BMC Public Health (Dec 2022)
Does it matter how we measure the health of older people in places for associations with labour market outcomes? A cross-sectional study
Abstract
Abstract Background Inequalities between different areas in the United Kingdom (UK) according to health and employment outcomes are well-documented. Yet it is unclear which health indicator is most closely linked to labour market outcomes, and whether associations are restricted to the older population. Methods We used the Office for National Statistics (ONS) Longitudinal Study (LS) to analyse which measures of health-in-a-place were cross-sectionally associated with three employment outcomes in 2011: not being in paid work, working hours (part-time, full-time), and economic inactivity (unemployed, retired, sick/disabled, other). Seven health indicators from local-authority census and vital records data were chosen to represent the older working age population (self-rated health 50-74y, long-term illness 50-74y, Age-specific mortality rate 50-74y, avoidable mortality, life expectancy at birth and 65 years, disability-free life expectancy at 50 years, and healthy life expectancy at 50 years). An additional two health indicators (life expectancy at birth and infant mortality rate) were included as test indicators to determine if associations were limited to the health of older people in a place. These nine health indicators were then linked with the LS sample aged 16-74y with data on employment outcomes and pertinent demographic and individual health information. Interactions by gender and age category (16-49y vs. 50-74y) were also tested.
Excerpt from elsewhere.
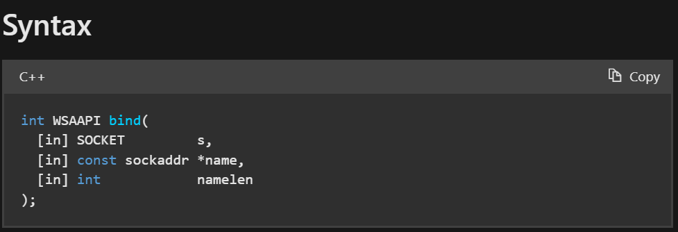 1 2 3 4 5 6 7 8 9 10 11 12 13 14 15 16 17 18 19 20 21 int main () { sockaddr_in local; local.sin_family = AF_INET; if (1 != inet_pton (AF_INET, "127.0.0.1" , &local.sin_addr)) { return 1 ; } local.sin_port = htons (10000 ); if (SOCKET_ERROR == ::bind (sock, reinterpret_cast <const sockaddr*>(&local), sizeof (local))) { err = ::WSAGetLastError (); return 1 ; } }

Findings For all health-in-a-place measures, LS members aged 16–74 who resided in the tertile of local authorities with the ‘unhealthiest’ older population, had higher odds of not being in paid work, including all four types of economic inactivity. The strongest associations were seen for the health-in-a-place measures that were self-reported, long-term illness (Odds Ratio 1.60 [95% Confidence Intervals 1.52, 1.67]) and self-rated health (1.60 [1.52, 1.68]). Within each measure, associations were slightly stronger for men than women and for the 16-49y versus 50-74y LS sample. In models adjusted for individual self-rated health and gender and age category interactions, health-in-a-place gradients were apparent across all economic inactivity’s. However, these same gradients were only apparent for women in part-time work and men in full-time work. Conclusion Improving health of older populations may lead to wider economic benefits for all.